Assigned task -> Reproduce exactly the lines below, from the first one through the line containing "LINEAR INDIVILED DIRECT", and omit any pictures.

Extracted data ->
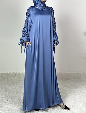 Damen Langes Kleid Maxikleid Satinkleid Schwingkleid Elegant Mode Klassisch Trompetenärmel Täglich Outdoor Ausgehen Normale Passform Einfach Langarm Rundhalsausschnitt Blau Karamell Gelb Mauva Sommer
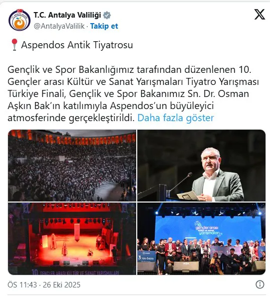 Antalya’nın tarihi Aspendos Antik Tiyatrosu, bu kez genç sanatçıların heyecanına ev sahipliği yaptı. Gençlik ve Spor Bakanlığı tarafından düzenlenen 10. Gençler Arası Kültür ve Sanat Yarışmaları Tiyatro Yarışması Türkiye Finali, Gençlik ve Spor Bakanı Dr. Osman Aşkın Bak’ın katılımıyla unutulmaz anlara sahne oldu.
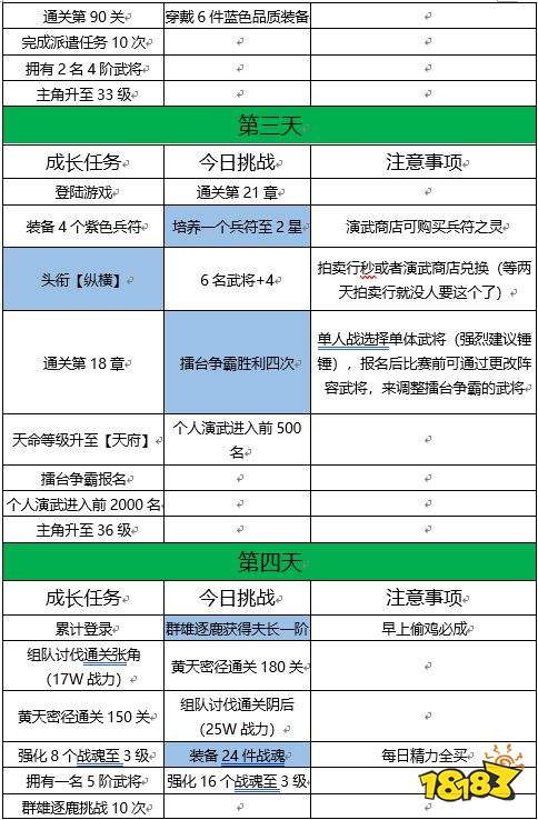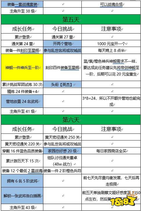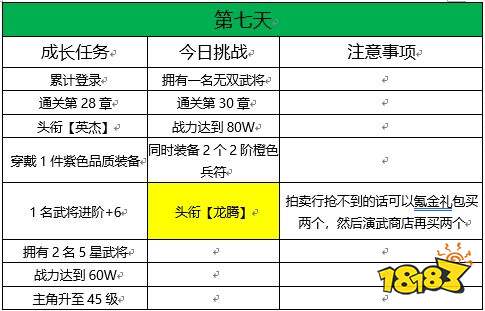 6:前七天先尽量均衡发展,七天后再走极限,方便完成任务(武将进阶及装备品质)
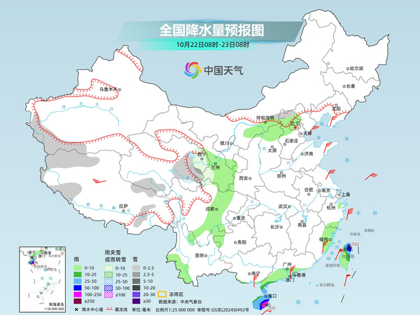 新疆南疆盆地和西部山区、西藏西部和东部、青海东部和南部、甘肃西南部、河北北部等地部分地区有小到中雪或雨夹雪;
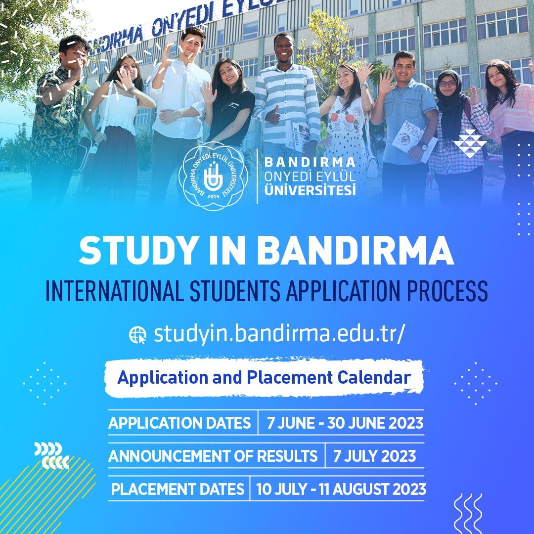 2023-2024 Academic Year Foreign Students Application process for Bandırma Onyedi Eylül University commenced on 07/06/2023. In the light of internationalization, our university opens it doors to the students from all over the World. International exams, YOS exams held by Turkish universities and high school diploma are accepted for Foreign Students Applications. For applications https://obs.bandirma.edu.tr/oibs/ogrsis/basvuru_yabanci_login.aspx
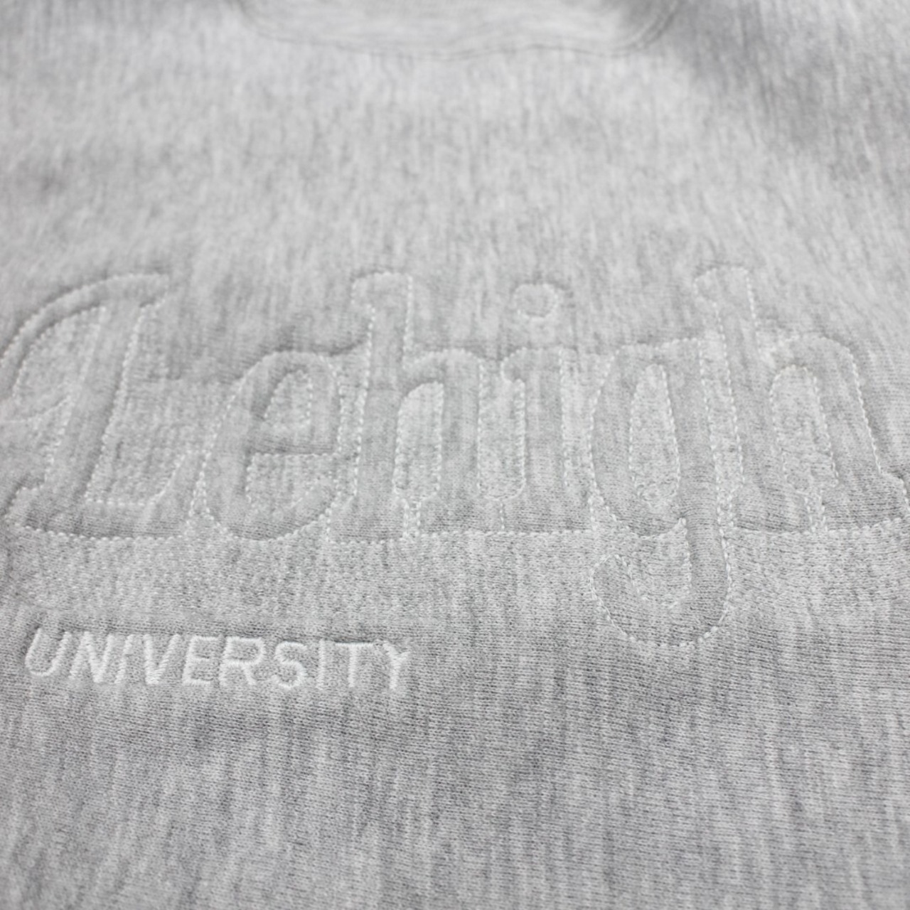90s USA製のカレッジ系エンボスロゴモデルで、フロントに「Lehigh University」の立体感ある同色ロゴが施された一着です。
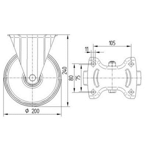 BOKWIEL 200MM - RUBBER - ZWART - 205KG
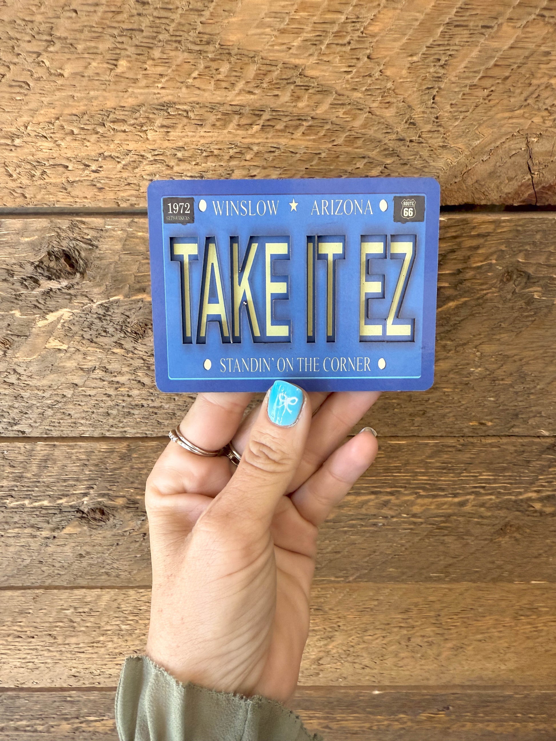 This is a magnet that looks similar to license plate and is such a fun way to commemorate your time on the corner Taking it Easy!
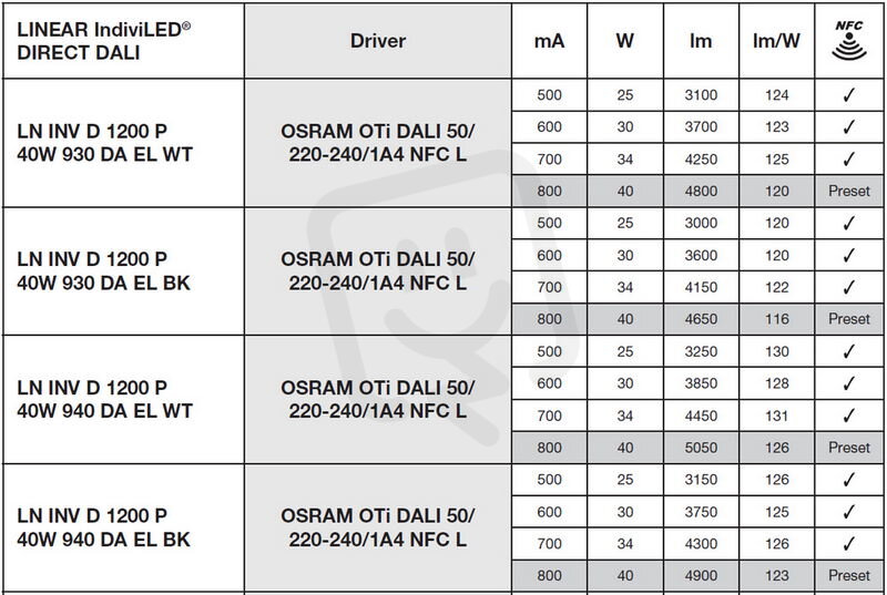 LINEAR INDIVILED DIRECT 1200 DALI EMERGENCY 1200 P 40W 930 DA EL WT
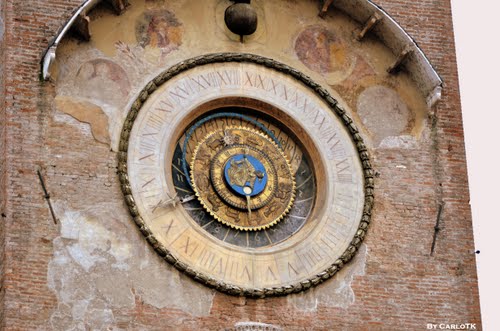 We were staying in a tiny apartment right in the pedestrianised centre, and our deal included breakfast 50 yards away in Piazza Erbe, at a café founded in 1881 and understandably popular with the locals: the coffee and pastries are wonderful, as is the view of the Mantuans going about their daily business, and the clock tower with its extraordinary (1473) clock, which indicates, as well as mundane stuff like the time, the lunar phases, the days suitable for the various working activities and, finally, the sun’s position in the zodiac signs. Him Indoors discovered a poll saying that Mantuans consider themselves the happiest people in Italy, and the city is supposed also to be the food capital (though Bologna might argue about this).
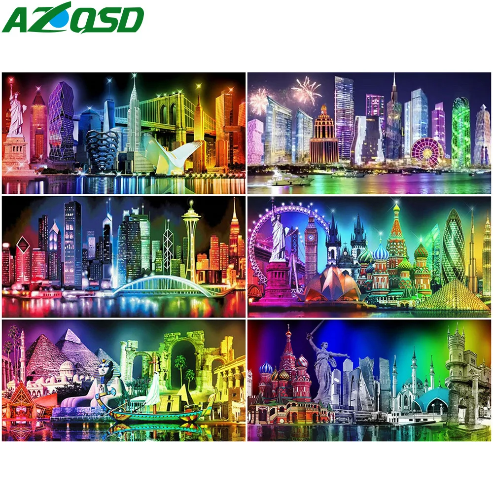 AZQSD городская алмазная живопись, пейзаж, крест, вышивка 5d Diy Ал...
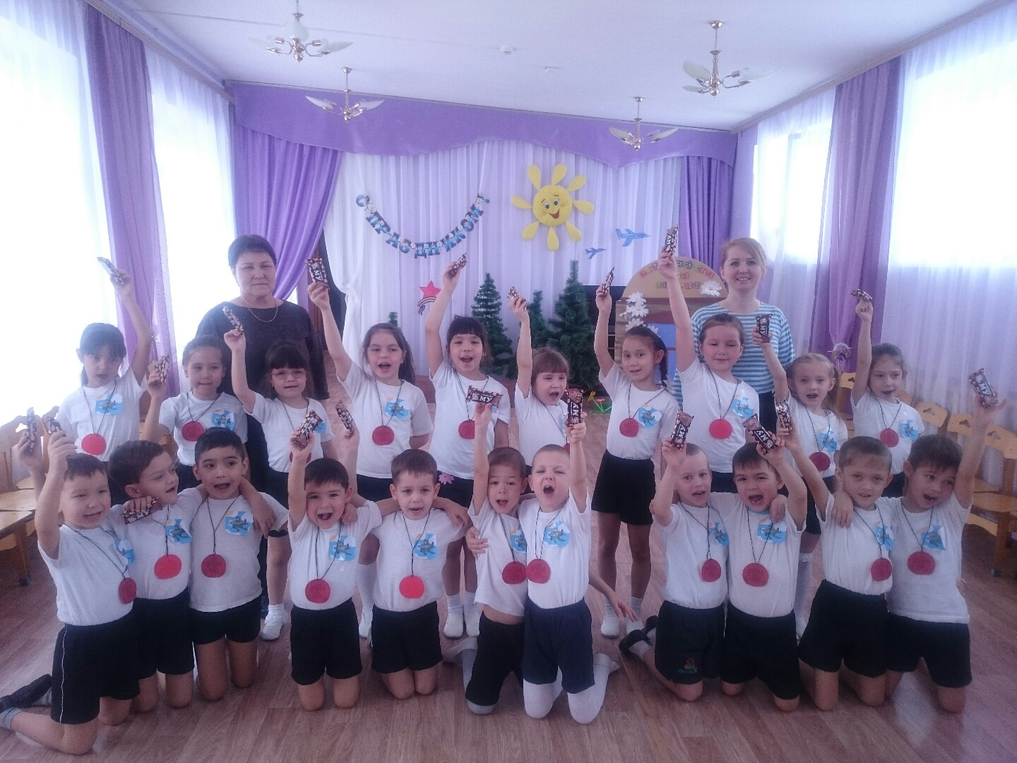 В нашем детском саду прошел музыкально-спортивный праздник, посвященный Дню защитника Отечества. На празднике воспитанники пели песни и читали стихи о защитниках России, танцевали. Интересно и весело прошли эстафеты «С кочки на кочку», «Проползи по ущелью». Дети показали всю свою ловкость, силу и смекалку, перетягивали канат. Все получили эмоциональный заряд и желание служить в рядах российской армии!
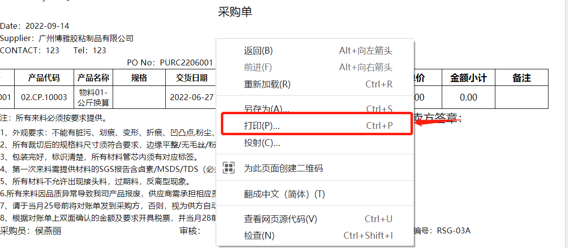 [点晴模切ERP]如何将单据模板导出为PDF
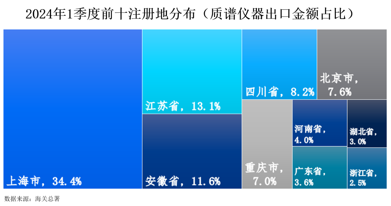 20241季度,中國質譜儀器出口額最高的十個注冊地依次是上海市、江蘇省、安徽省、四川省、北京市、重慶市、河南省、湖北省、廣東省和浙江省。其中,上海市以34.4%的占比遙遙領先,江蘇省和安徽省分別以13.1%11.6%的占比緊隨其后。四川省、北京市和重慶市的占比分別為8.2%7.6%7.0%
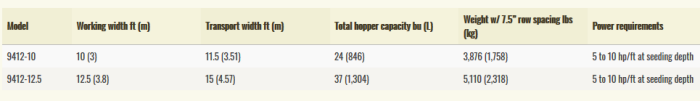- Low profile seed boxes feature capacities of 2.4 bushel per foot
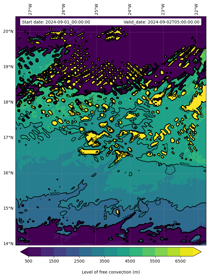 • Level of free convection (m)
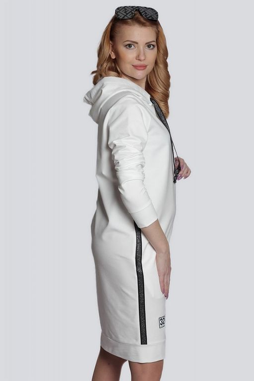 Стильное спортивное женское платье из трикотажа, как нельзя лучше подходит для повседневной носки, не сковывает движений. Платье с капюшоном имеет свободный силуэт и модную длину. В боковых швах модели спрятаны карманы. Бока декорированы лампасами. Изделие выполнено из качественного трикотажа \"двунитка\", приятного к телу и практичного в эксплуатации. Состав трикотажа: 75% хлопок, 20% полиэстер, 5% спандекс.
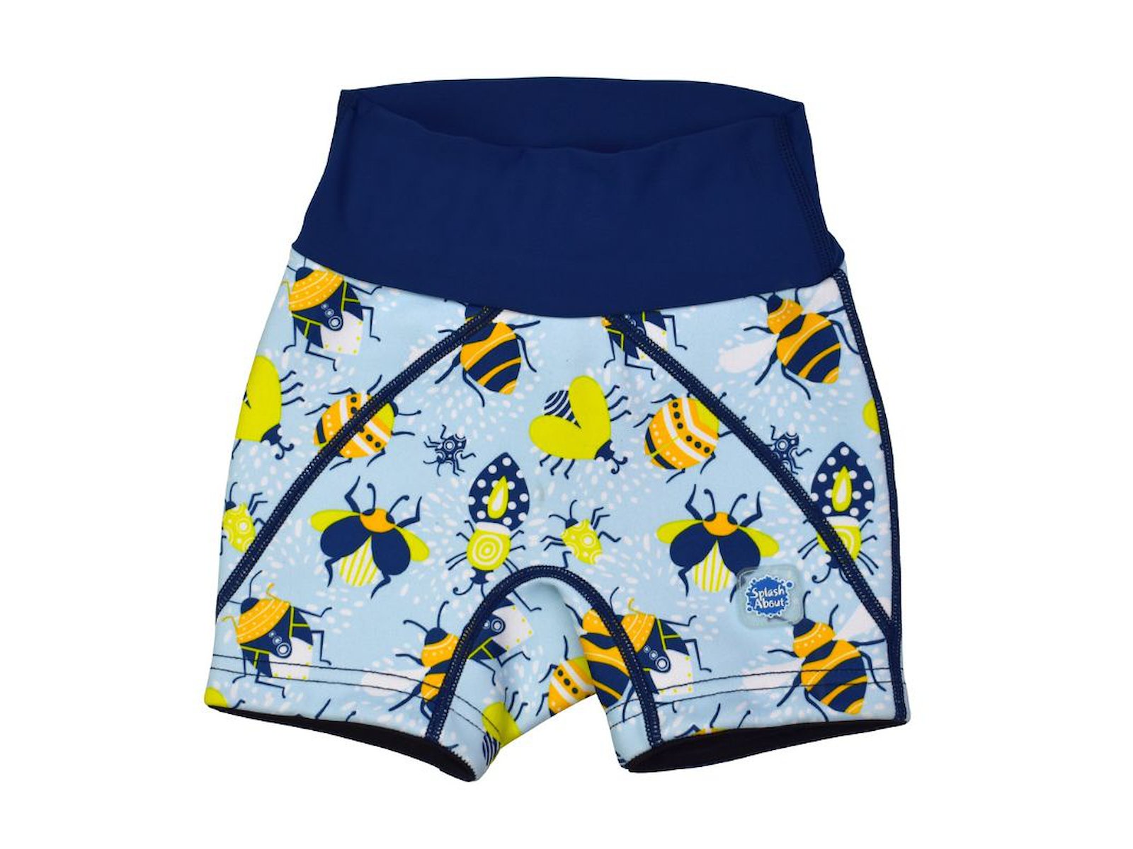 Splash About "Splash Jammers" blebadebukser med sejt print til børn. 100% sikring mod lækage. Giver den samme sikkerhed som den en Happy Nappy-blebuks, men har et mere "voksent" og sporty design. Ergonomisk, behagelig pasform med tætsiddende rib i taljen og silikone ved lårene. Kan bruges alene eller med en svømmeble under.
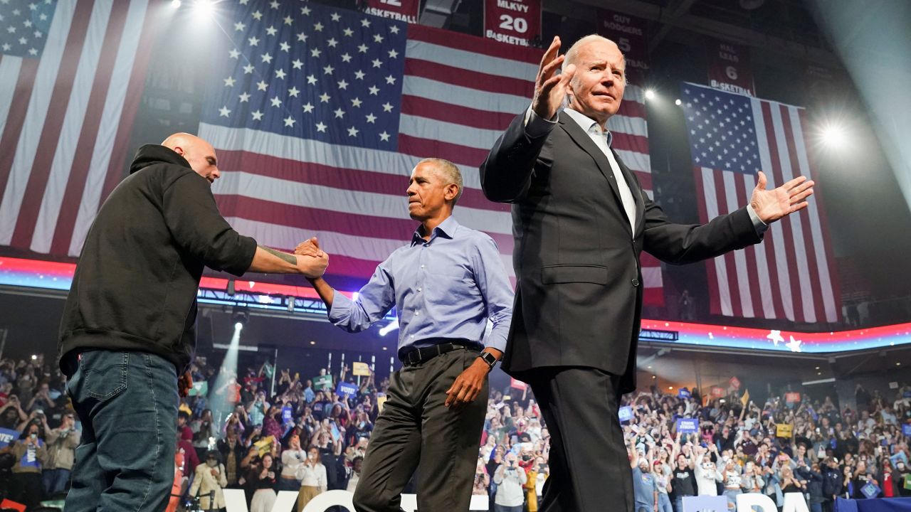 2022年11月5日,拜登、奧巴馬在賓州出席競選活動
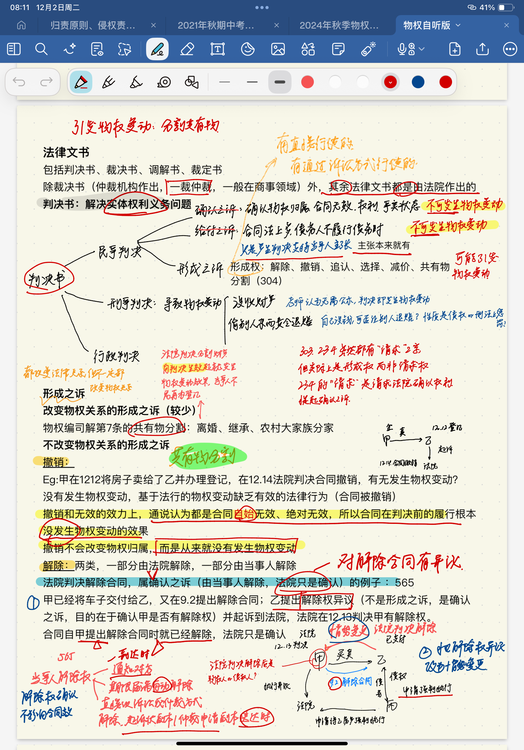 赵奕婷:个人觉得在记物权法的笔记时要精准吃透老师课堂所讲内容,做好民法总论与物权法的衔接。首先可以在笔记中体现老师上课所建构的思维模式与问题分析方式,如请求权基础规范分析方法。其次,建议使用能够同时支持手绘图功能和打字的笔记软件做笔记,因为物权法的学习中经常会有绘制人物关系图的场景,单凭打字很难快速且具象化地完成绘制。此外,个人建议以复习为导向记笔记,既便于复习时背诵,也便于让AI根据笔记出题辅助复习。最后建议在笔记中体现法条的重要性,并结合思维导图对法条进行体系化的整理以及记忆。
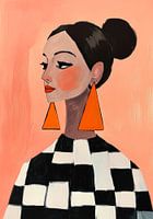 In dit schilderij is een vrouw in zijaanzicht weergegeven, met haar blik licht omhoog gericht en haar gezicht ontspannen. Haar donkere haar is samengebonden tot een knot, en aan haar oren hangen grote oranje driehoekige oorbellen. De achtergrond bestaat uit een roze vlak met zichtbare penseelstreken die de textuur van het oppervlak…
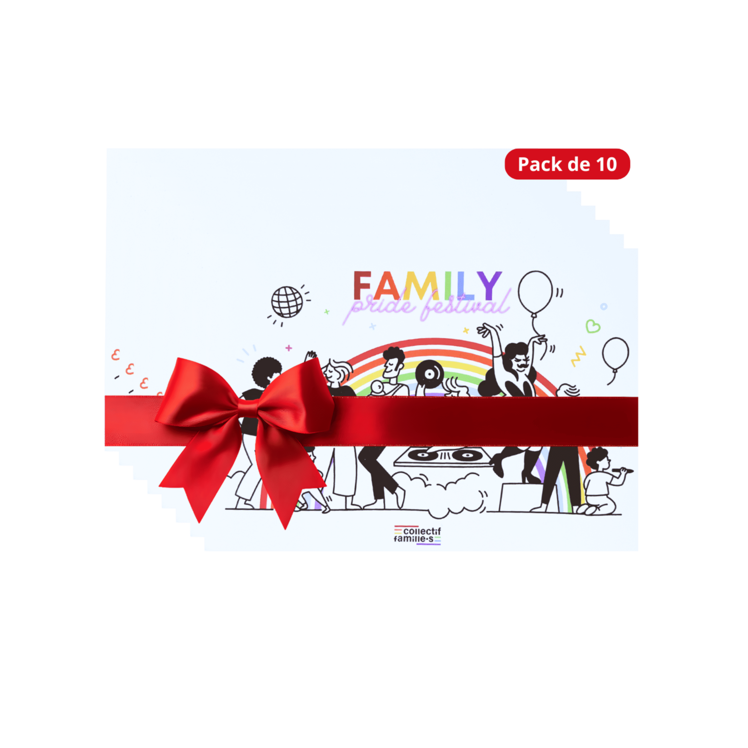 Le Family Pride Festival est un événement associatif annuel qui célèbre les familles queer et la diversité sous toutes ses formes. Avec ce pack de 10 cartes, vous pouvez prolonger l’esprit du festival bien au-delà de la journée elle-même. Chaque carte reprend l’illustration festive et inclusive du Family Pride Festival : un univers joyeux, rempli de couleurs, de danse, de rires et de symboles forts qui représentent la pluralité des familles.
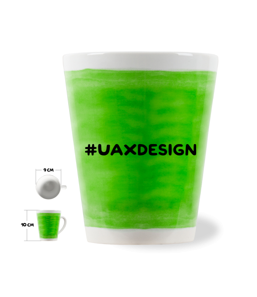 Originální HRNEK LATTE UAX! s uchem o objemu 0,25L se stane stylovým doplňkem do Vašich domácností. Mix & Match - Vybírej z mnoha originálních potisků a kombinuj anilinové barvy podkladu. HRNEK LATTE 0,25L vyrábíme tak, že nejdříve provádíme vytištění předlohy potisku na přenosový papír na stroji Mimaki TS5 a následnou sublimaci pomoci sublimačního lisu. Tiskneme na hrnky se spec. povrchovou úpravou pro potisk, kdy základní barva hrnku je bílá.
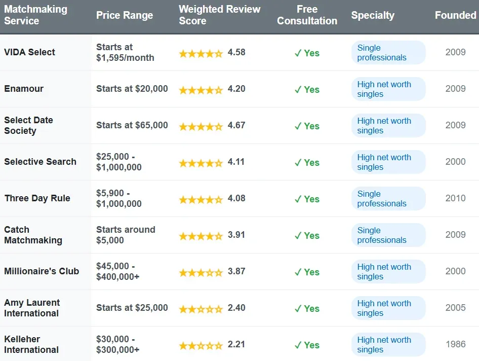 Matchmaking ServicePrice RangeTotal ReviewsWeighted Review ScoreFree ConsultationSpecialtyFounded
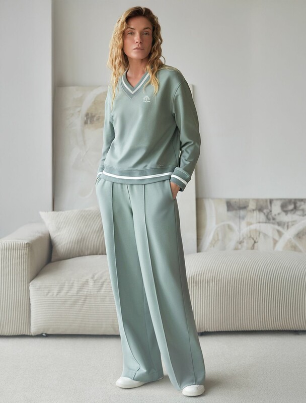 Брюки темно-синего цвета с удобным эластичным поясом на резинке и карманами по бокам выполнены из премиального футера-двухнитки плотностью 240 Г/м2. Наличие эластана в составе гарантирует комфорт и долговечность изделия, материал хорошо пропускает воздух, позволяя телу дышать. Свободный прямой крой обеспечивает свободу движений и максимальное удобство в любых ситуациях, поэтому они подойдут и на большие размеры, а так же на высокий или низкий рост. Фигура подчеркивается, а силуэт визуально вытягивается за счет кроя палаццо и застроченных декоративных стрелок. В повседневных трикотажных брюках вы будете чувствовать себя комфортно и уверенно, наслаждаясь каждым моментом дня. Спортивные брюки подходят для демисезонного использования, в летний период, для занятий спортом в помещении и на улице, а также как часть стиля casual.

Response to the exercise ->
 Damen Langes Kleid Maxikleid Satinkleid Schwingkleid Elegant Mode Klassisch Trompetenärmel Täglich Outdoor Ausgehen Normale Passform Einfach Langarm Rundhalsausschnitt Blau Karamell Gelb Mauva Sommer
 Antalya’nın tarihi Aspendos Antik Tiyatrosu, bu kez genç sanatçıların heyecanına ev sahipliği yaptı. Gençlik ve Spor Bakanlığı tarafından düzenlenen 10. Gençler Arası Kültür ve Sanat Yarışmaları Tiyatro Yarışması Türkiye Finali, Gençlik ve Spor Bakanı Dr. Osman Aşkın Bak’ın katılımıyla unutulmaz anlara sahne oldu.
 6:前七天先尽量均衡发展,七天后再走极限,方便完成任务(武将进阶及装备品质)
 新疆南疆盆地和西部山区、西藏西部和东部、青海东部和南部、甘肃西南部、河北北部等地部分地区有小到中雪或雨夹雪;
 2023-2024 Academic Year Foreign Students Application process for Bandırma Onyedi Eylül University commenced on 07/06/2023. In the light of internationalization, our university opens it doors to the students from all over the World. International exams, YOS exams held by Turkish universities and high school diploma are accepted for Foreign Students Applications. For applications https://obs.bandirma.edu.tr/oibs/ogrsis/basvuru_yabanci_login.aspx
90s USA製のカレッジ系エンボスロゴモデルで、フロントに「Lehigh University」の立体感ある同色ロゴが施された一着です。
 BOKWIEL 200MM - RUBBER - ZWART - 205KG
 This is a magnet that looks similar to license plate and is such a fun way to commemorate your time on the corner Taking it Easy!
 LINEAR INDIVILED DIRECT 1200 DALI EMERGENCY 1200 P 40W 930 DA EL WT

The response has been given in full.